Lessons are further are continued from https://realpython.com/pyspark-intro/

In [1]:
# Further is an equivalent to a Hello World in PySpark
import pyspark
# sc = pyspark.SparkContext("local[*]")

# If you have setup spark to run seperatelly, likely
# your SparkContext has already started and running
# You can check by uncommenting and running the following:

# sc

In [2]:
# An additional file has been added to this repo

# In this case - amount of lines are calculated in the file.
text_file = "PythonCopyright.txt"
txt = sc.textFile(text_file)
print(f"The amount of lines and paragraphs in the {text_file} is: {txt.count()}")

The amount of lines and paragraphs in the PythonCopyright.txt is: 8


In [3]:
python_lines = txt.filter(lambda line: 'python' in line.lower())
print(f"The amount of lines there are in which the word 'python' shows up in the text is: {python_lines.count()}")

The amount of lines there are in which the word 'python' shows up in the text is: 1


If you will want to properly work with `PySpark` you will have to refer from time to time to the following documenatations: [PySpark and API for it](http://spark.apache.org/docs/latest/api/python/index.html) and [Scala Documentation](https://spark.apache.org/docs/latest/api/scala/org/apache/spark/api/index.html).

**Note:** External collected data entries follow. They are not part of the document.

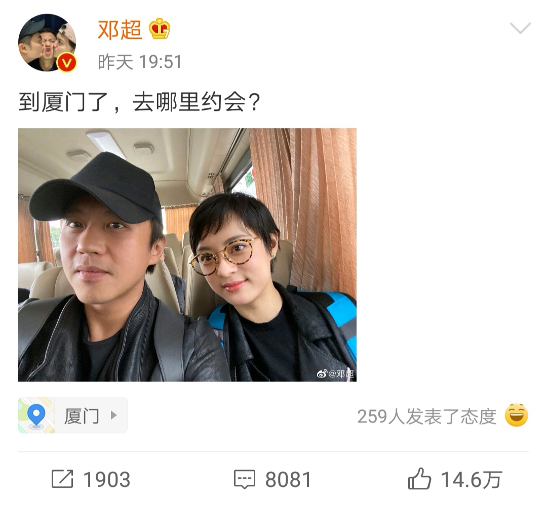 而就在傍晚,邓超还在社交平台上晒出一张与孙俪在车上的合照,并附文询问网友:“到厦门了,去哪里约会呢?”两人这恩爱可是不要太秀呢!结婚9年的邓超孙俪虽然是越来越有夫妻相,不过孙俪明显状态要比邓超好很多呢,夫妻二人合照中,一向宠妻的邓超也是让孙俪坐在了靠窗边的位置。照片中戴着花边镜框,涂着红唇的孙俪,气色红润,皮肤状态也是很好,背着双肩包坐在车上的她看起来就像是学生一般。看到这里又让大家对幸福爱情有了满满的向往了,也想有个相互依赖又相互逗趣的伴呢!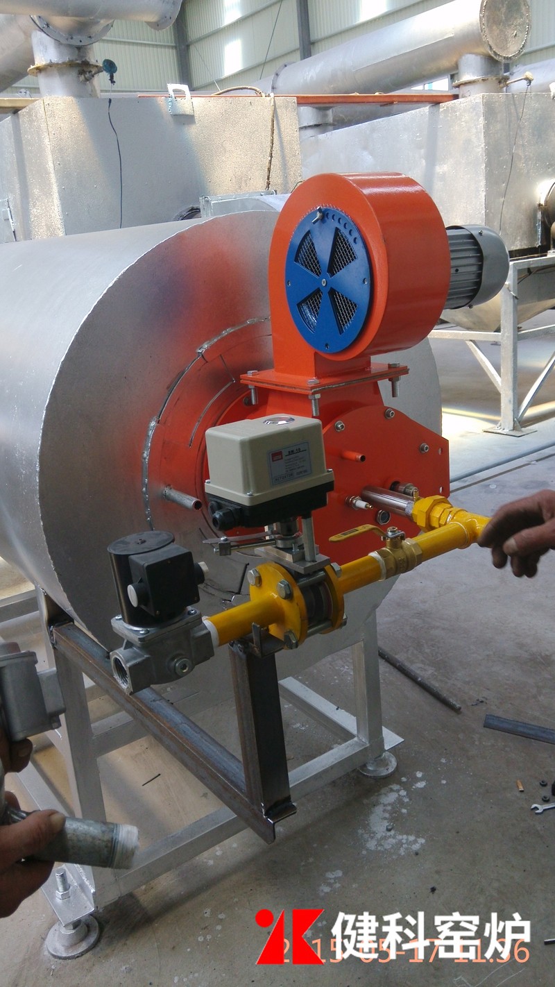 需要加熱的冷空氣通過選配的鼓風機強製送入熱風爐加熱,溫度升至設定溫度後從(cong) 熱風出口送出,進入後續幹燥設備。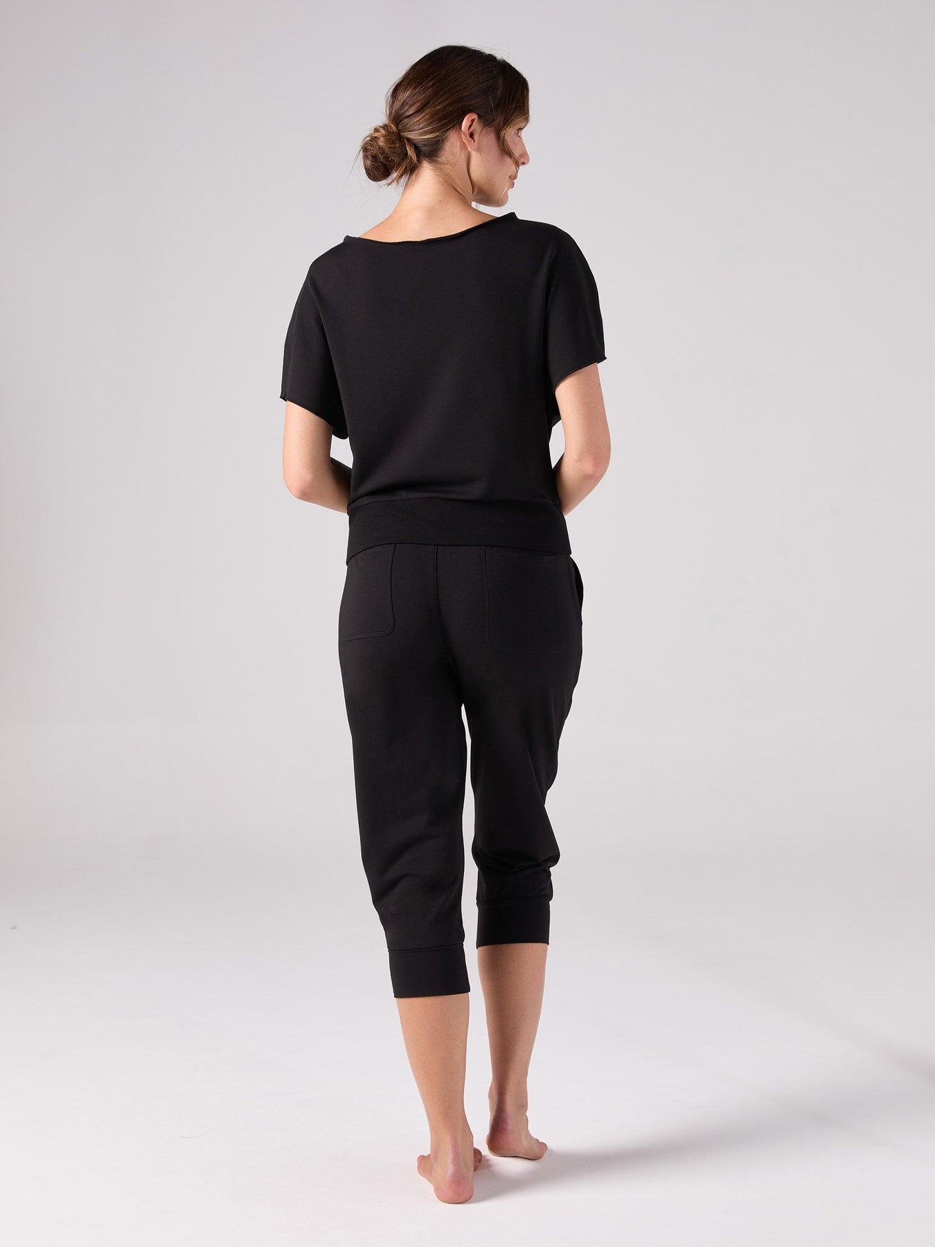 French Terry Short Sleeve Off Shoulder Sweatshirt  - Black
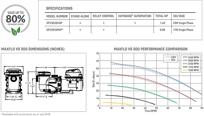 MaxFlo VS™ brings variable-speed technology to the popular MaxFlo pump family. They are a drop-in variable-speed pool pump upgrade that delivers up to 80% energy cost savings over single speed models. Designed for small to medium pools, MaxFlo VS pays for itself faster than larger, more expensive models.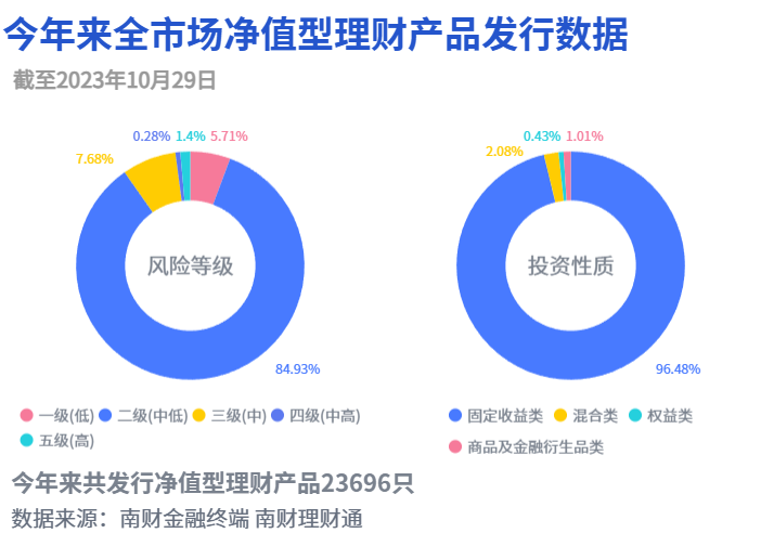 据南财理财通最新数据,截至2023年10月29日,今年来,全市场新发净值型银行理财产品23,696只(含私募产品)。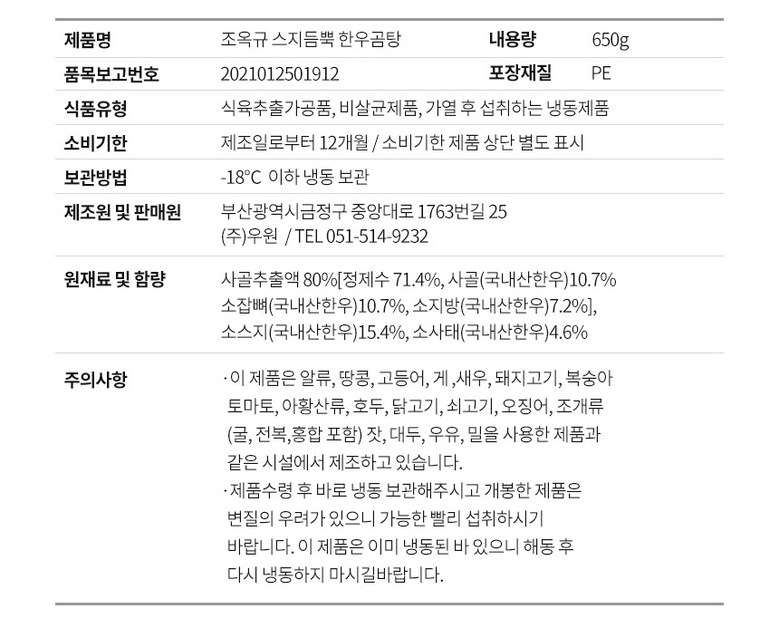 | 제조연월일, 소비기한 또는 품질유지기한 | 상품 상세페이지 참조 | 세부 품목군별 표시사항 | 상품 상세페이지 참조 |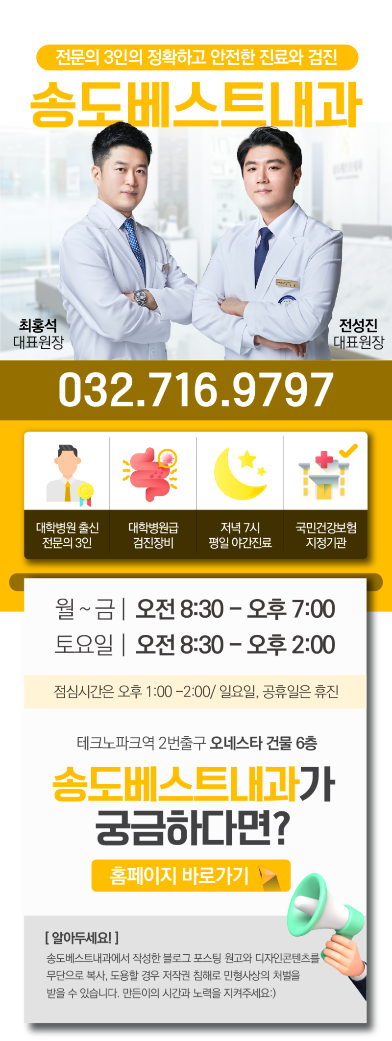 안녕하세요? 송도에서 안전한 수면내시경을 시행할 수 있는 송도 최고의 내과입니다. 오늘은 수면위대장내시경 검사 시 주의사항에 대해 소개해드리겠습니다. 첫 수면내시경입니다.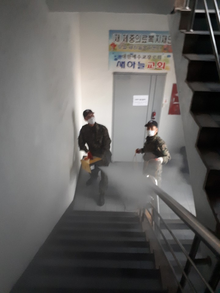 안양특전사동지회 특수방역단이 코로나 19 예방을 위해 안양 각지에서 방역활동을 실시하였습니다.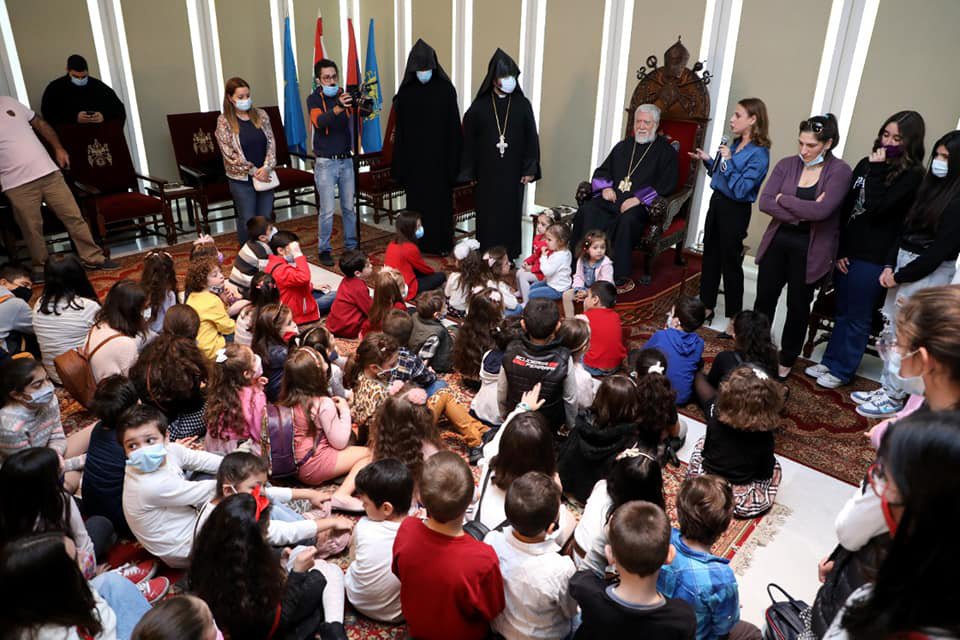 Ներկայ տարեմուտին, առաւել խանդավառ թափով եւ մեծ թիւով աշակերտներու ներկայութեամբ, կիրակի, 28 նոյեմբեր 2021-ին, Ս. պատարագէն անմիջապէս ետք, գլխաւորութեամբ կաթողիկոսարանի Քրիստոնէական դաստիարակութեան բաժանմունքի եւ Կիրակնօրեայ վարժարաններու վարիչ Զարեհ վրդ. Սարգիսեանի, Կիրակնօրեայ վարժարանի աշակերտներէն խումբ մը եւ ուսուցչական կազմը այցելեցին Արամ Ա. կաթողիկոսին: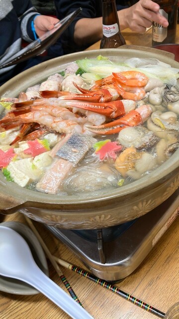 毎年恒例の会社の同僚と日帰りスキーのあとの越後湯沢での懇親会です。海鮮寄せ鍋大(4〜5人前)を事前予約し楽しみました。スキーのあと体が冷えていることもあり、めちゃくちゃ旨いです。刺身や舞茸天ぷらも最高。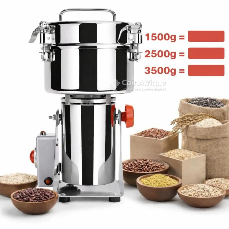 t???????? moulin à grain sec ultra puissant disponible ! ???????? transformez vos céréales en poudre fine en quelques secondes ! ✅ idéal pour maïs, riz, mil, café, arachide, épices, haricot, etc. ✅ moteur très puissant ✅ résultat rapide et professionnel ✅ corps en acier inoxydable résistant ✅ facile à utiliser et à nettoyer ???? disponible en 3 capacités : ???? 1500g = 100.000 f ???? 2500g = 120.000 f ???? 3500g = 140.000 f parfait pour commerce, restaurants, transformation alimentaire ou usage domestique.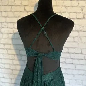 Dark Green Dress. This dress is backless. Has adjustable straps that cross in the back and a strap that is tied in the back to also adjust the fit of the dress. This is a maxi dress (floor length) with a slit that comes up mid thigh. The lining of the dress comes up to where the slit is, so it comes up to the mid thigh. the neck line has a deep v, creating a very beautiful neck line.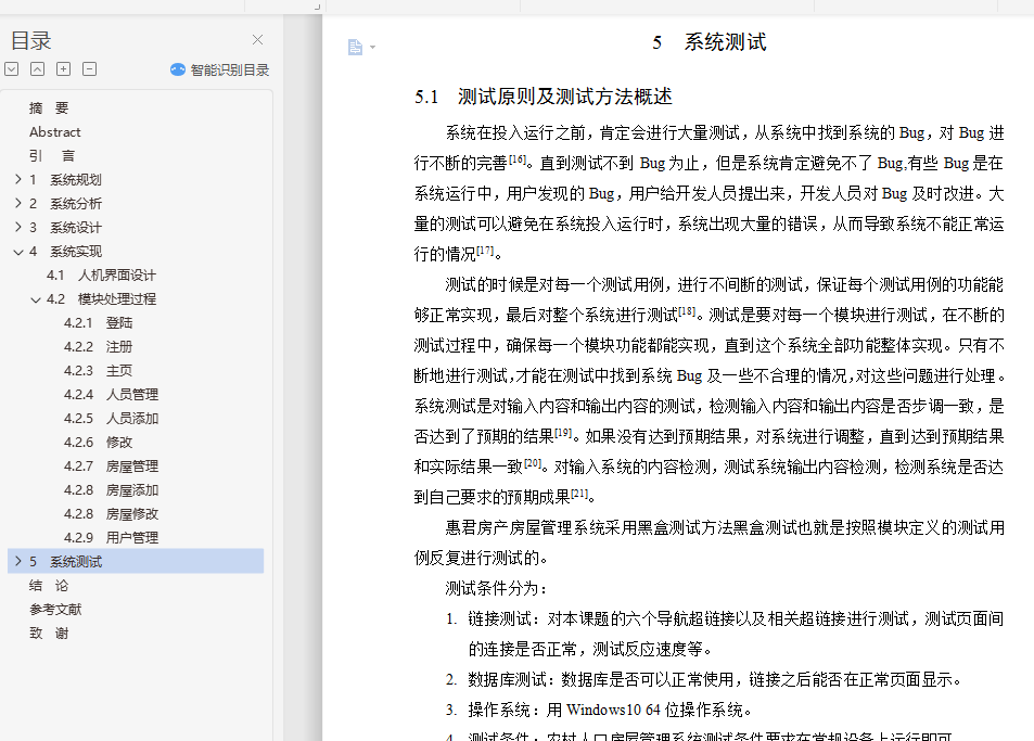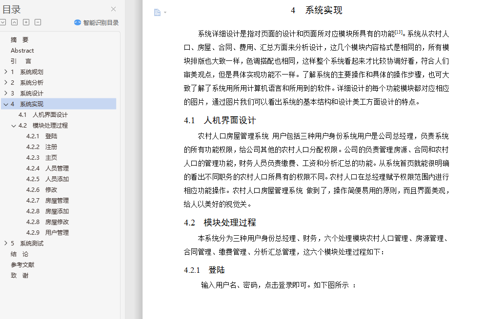 本系统实现了农村人口房屋管理系统对房源分析汇总的管理,在系统投入运营前实现了所需的各个功能。系统能够正常投入运营,可以为农村人口房屋管理系统提高经济效益,使之适应现代化社会的发展。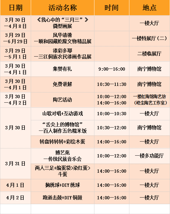 届时欢迎大家前来参观与参与“三月三”、清明期间有趣的系列活动。(活动一览表见下表)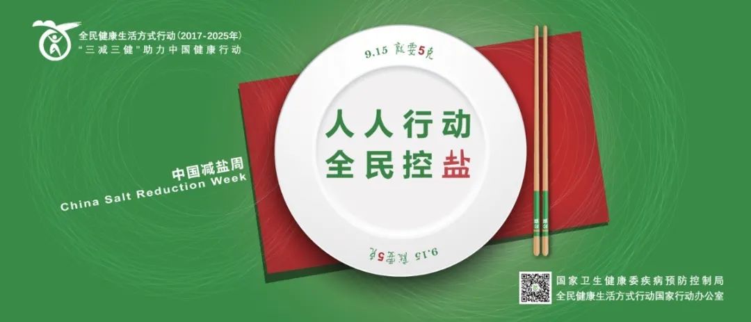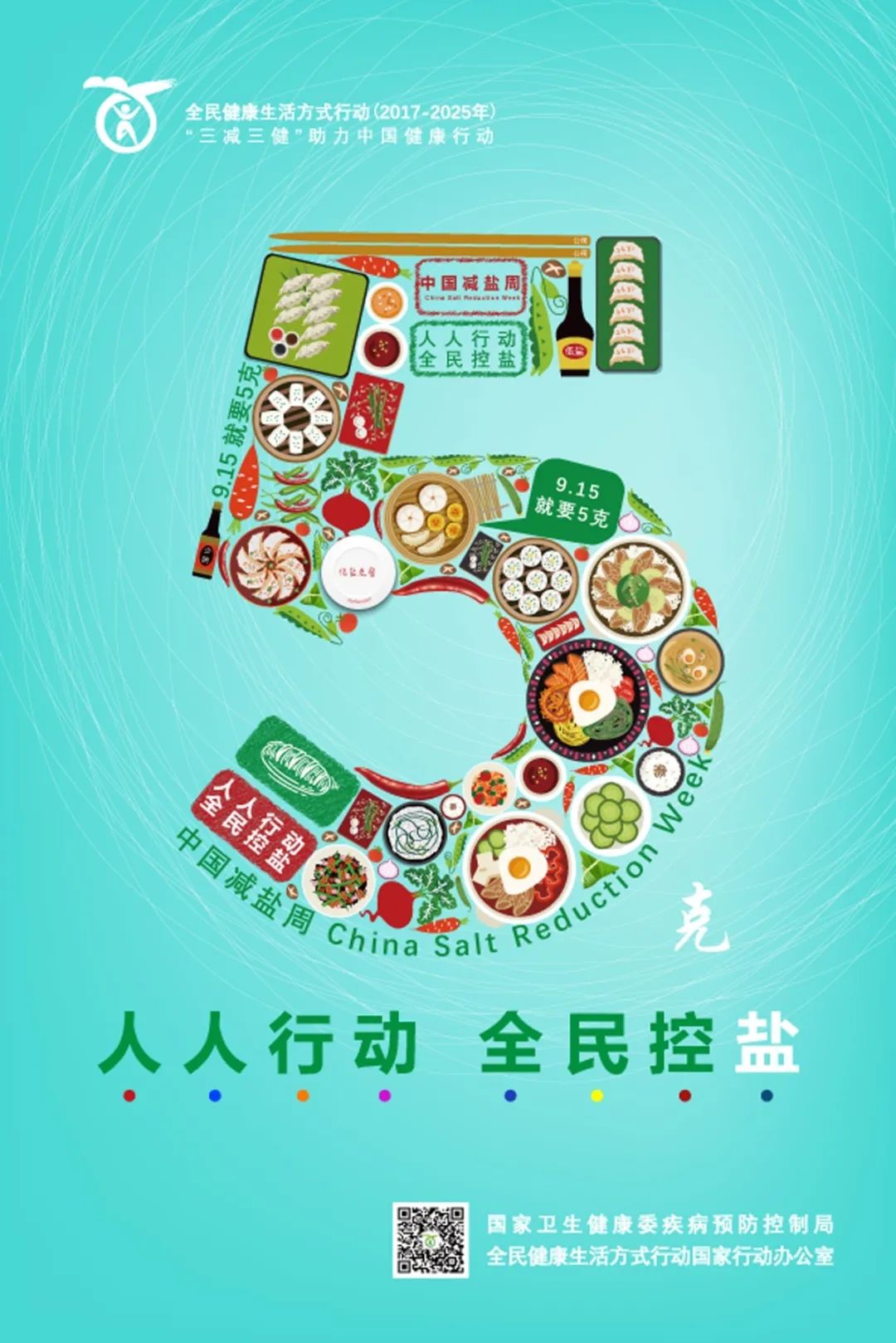 2020年9月1日是第14个全民健康生活方式日,国家行动办公室于9月的第3个星期(9月14日至20日)开展中国减盐周宣传活动,向公众宣传“915”(就要5克)的减盐理念,传播低盐饮食知识,促进全社会共同关注并践行减盐行动。(附海报原图下载地址,有需要可自行下载)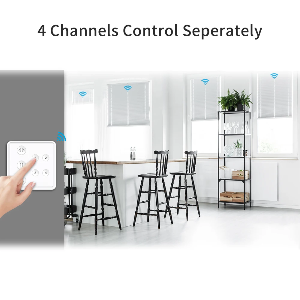 Пульт дистанционного управления 4 шторы отдельно, без помехНесколько способов контролировать ваш занавес-RF 4 канальный Дистанционно управляемый-Пульт дистанционного управления и таймер-Голосовое управление с Google Home, Alexa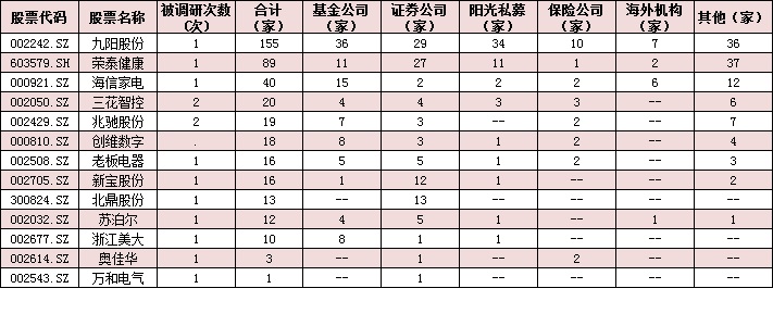 從參與調(diào)研的機(jī)構(gòu)家數(shù)來(lái)看,上述13家上市家用電器公司中,九陽(yáng)股份、榮泰健康、海信家電、三花智控等4家接待調(diào)研機(jī)構(gòu)家數(shù)均在20家及以上,分別為:155家、89家、40家和20家。值得注意的是,在13家獲機(jī)構(gòu)調(diào)研的家用電器公司中,10家為中小創(chuàng)公司,占機(jī)構(gòu)調(diào)研公司比例的77%。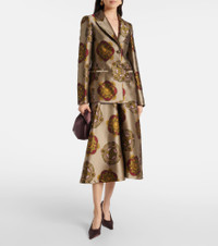 La DoubleJ works with top Milanese textile manufacturers to bring archival patterns to life on its signature eclectic styles. The 24/7 blazer is designed with a vibrant signature print, peak lapels and a classic buttoned front. Product Details - Material: 72% polyester, 28% silk - Care instructions: dry clean - Made in Italy - Designer color name: Nucleus - Item color: multicolor - Lining: 100% polyester - Peak lapel - Closure: buttoned front - Pockets: angled chest pocket, welt pockets - Vent: no vent - Item number: P01084446 Size & Fit - True to size - Shoulder pad inserts - Cinched waist - Non-stretchy fabric - Falls below the hip - The model seen in the picture is 178cm-5'10" and wearing a size XS

The thing is, Spark is written with scala based on a functional language paradigm. With it, it is much easier to parallelize the executable code. Therefore, pretty much this approach is used in such cluster based calculations oriented systems.

In [4]:
# Use an example of RDD through parallelization
big_list = range(100000)
rdd = sc.parallelize(big_list, 2)
odds = rdd.filter(lambda x: x % 2 != 0)
odds.take(10)

[1, 3, 5, 7, 9, 11, 13, 15, 17, 19]

In [5]:
# To time how long a process takes the following approach can be used

import time

t0 = time.time()
time.sleep(3)
t1 = time.time()

time_dif = t1 - t0
time_dif

3.0033297538757324

In [6]:
# Use the RDD process again but time it
# And will save the whole output in memory
bigger_list = range(10000000)

# The difference will be in the slicing and amount of them
import time
dist = 2
t0 = time.time()
rdd_2 = sc.parallelize(bigger_list, dist)
odds = rdd_2.filter(lambda x: x % 2 != 0)
collector = odds.collect()
t1 = time.time()
time_dif = round(t1 - t0, 2)
print(f"With {dist} distributed processes it took {time_dif} seconds")

dist = 6
t0 = time.time()
rdd_8 = sc.parallelize(bigger_list, dist)
odds = rdd_8.filter(lambda x: x % 2 != 0)
collector = odds.collect()
t1 = time.time()
time_dif = round(t1 - t0, 2)
print(f"With {dist} distributed processes it took {time_dif} seconds")

dist = 10
t0 = time.time()
rdd_8 = sc.parallelize(bigger_list, dist)
odds = rdd_8.filter(lambda x: x % 2 != 0)
collector = odds.collect()
t1 = time.time()
time_dif = round(t1 - t0, 2)
print(f"With {dist} distributed processes it took {time_dif} seconds")

With 2 distributed processes it took 3.77 seconds
With 6 distributed processes it took 3.54 seconds
With 10 distributed processes it took 2.75 seconds